Raoult’s Law in Detail:

For a solution of two volatile liquids A and B: P_total = x_A P°_A + x_B P°_B

Partial vapor pressure of A: p_A = x_A P°_A Partial vapor pressure of B: p_B = x_B P°_B

y_A (mole fraction in vapor) = p_A / P_total y_B = p_B / P_total

Composition of Liquid and Vapor Phases:

At any given temperature, the vapor phase is richer in the more volatile component (lower boiling point/higher P°). Dew point: Temperature at which vapor begins to condense Bubble point: Temperature at which liquid begins to boil

For T-x diagram (at constant P):

• Lower curve: liquid composition (Raoult’s law)
• Upper curve: vapor composition (Dalton’s law)

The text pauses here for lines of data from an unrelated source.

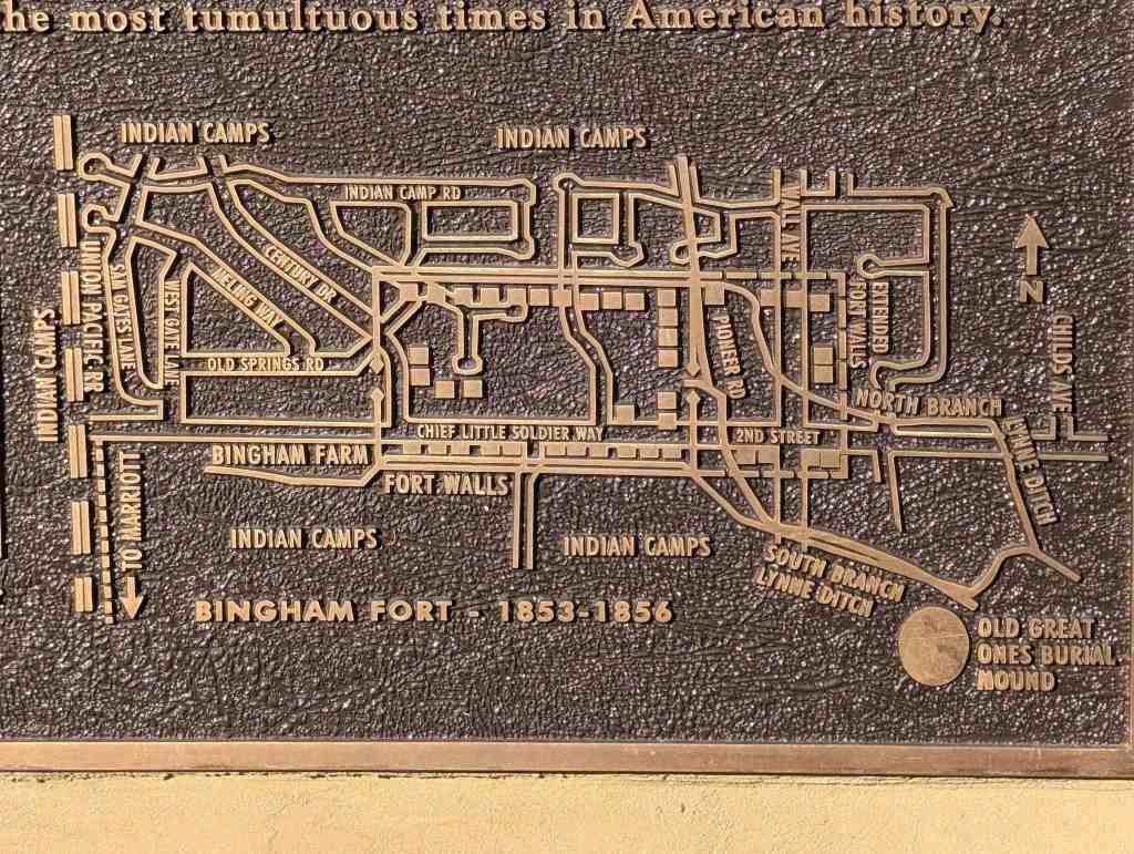 But elsewhere the uneasy peace crumbled, and in 1853 Mormon leader Brigham Young ordered settlers to build and move into forts. for security. Bingham Fort was right here. With 560 residents, was the most populous on the Wasatch Front. But locals were slow to construct its walls and gates; a sign that here, the people were not in conflict. In fact, during winter of 1854-1855, destitute Chief Little Soldier and his band moved into Bingham Fort to share the settlers food.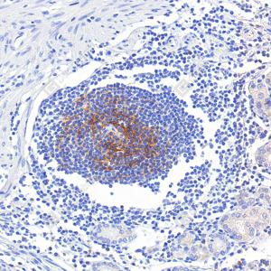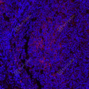 IF检测CD11b蛋白(货号 GB125693)(红色). 样品: 人扁桃体, 4%多聚甲醛 (货号G1101) 固定12-24小时. 抗原修复: 柠檬酸抗原修复液(干粉, pH 6.0) (G1201), 高压锅均匀喷气计时2分钟. 封闭: 3% BSA(货号GC305010)的PBS溶液, 室温孵育30分钟. —抗: 1: 1000稀释, 4℃ 孵育过夜. 二抗: Cy3标记山羊抗小鼠IgG (H+L) (货号GB21301), 1: 300稀释, 室温孵育1小时. |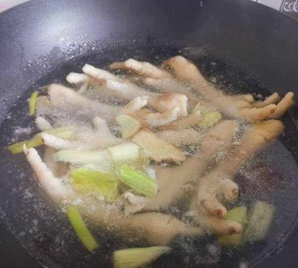 2、雞爪清洗幹凈,去指甲,冷水下鍋,加入料酒和薑大䓤,大火煮開1分鐘,然後撈出瀝幹。雞爪焯水。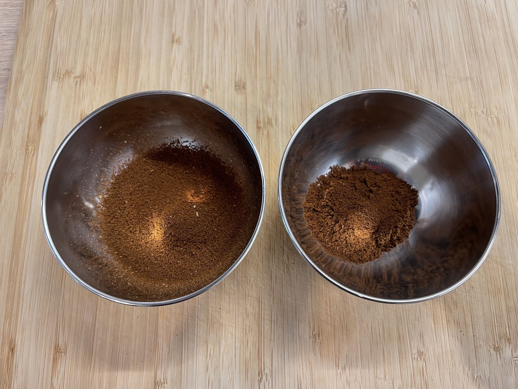 Livi(bal) vs Kinu őrlemény. Livié így jött ki a darálóból, Kinunál az átöntéskor azért szétoszlott, de látszik a különbség. Vakon ránézésre én nem tudnám megmondani melyik lenne jobb ízre, de “szebb” a Livié.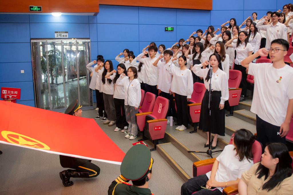 大会举行了新团员集体入团宣誓和老团员重温入团誓词仪式,全体团员青年庄重地举起右拳,向团旗宣誓。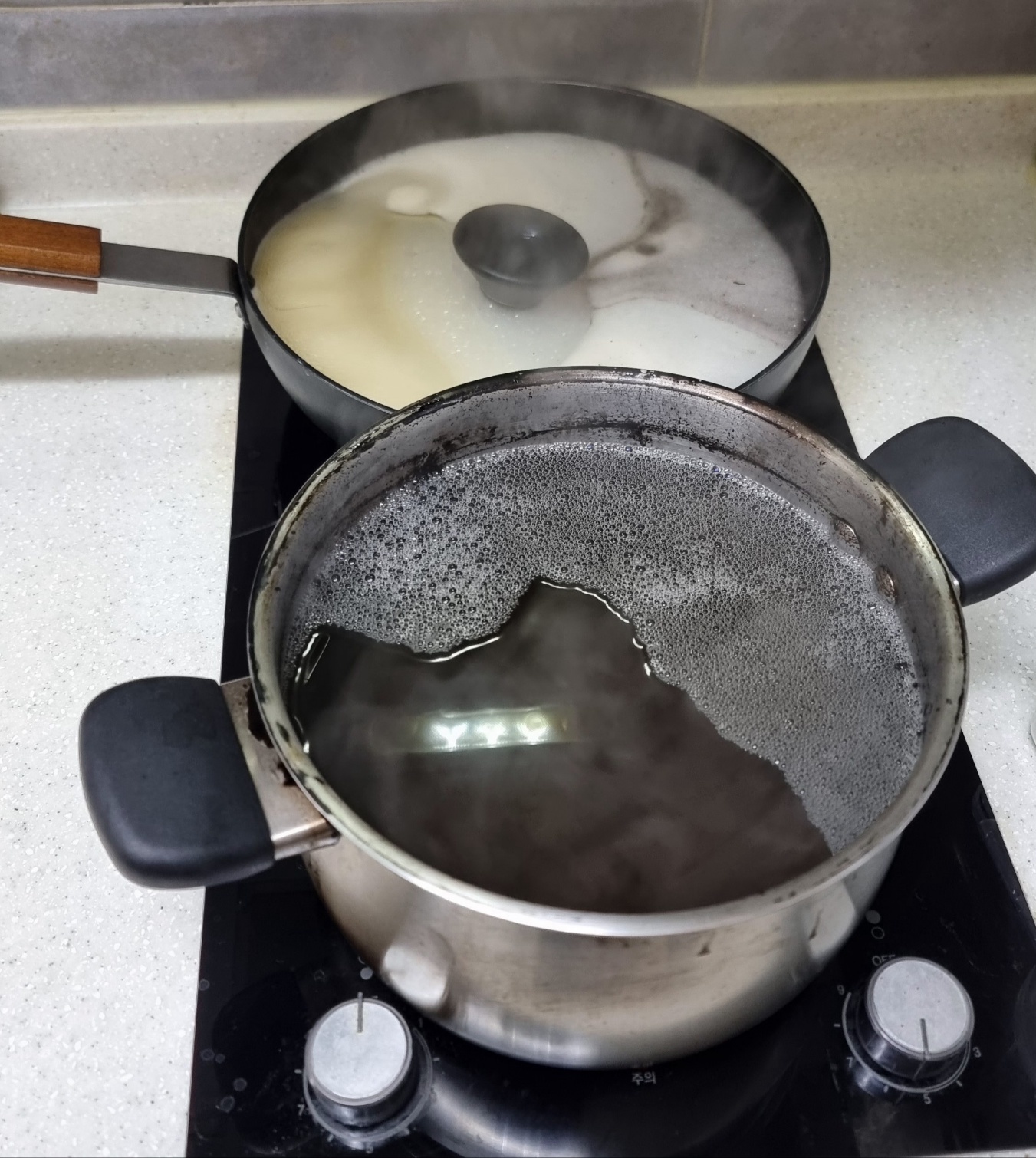 - 냄비 안에 물을 절반 이상 붓습니다.

For P-x diagram (at constant T):

• Straight line (for ideal): Raoult’s law
• Curves above/below: real solutions with deviations

Azeotropes:

Maximum boiling azeotrope: (negative deviation) Example: Chloroform + Acetone Forms due to strong A−B interactions (H-bonding between CHCl₃ and acetone) At azeotropic composition, liquid and vapor have same composition. P_total is minimum for given composition.

Minimum boiling azeotrope: (positive deviation) Example: Ethanol + Water (at 95.6% ethanol by mass, BP = 78.1°C) At azeotropic composition, liquid and vapor have same composition. P_total is maximum for given composition. Cannot be separated by simple distillation.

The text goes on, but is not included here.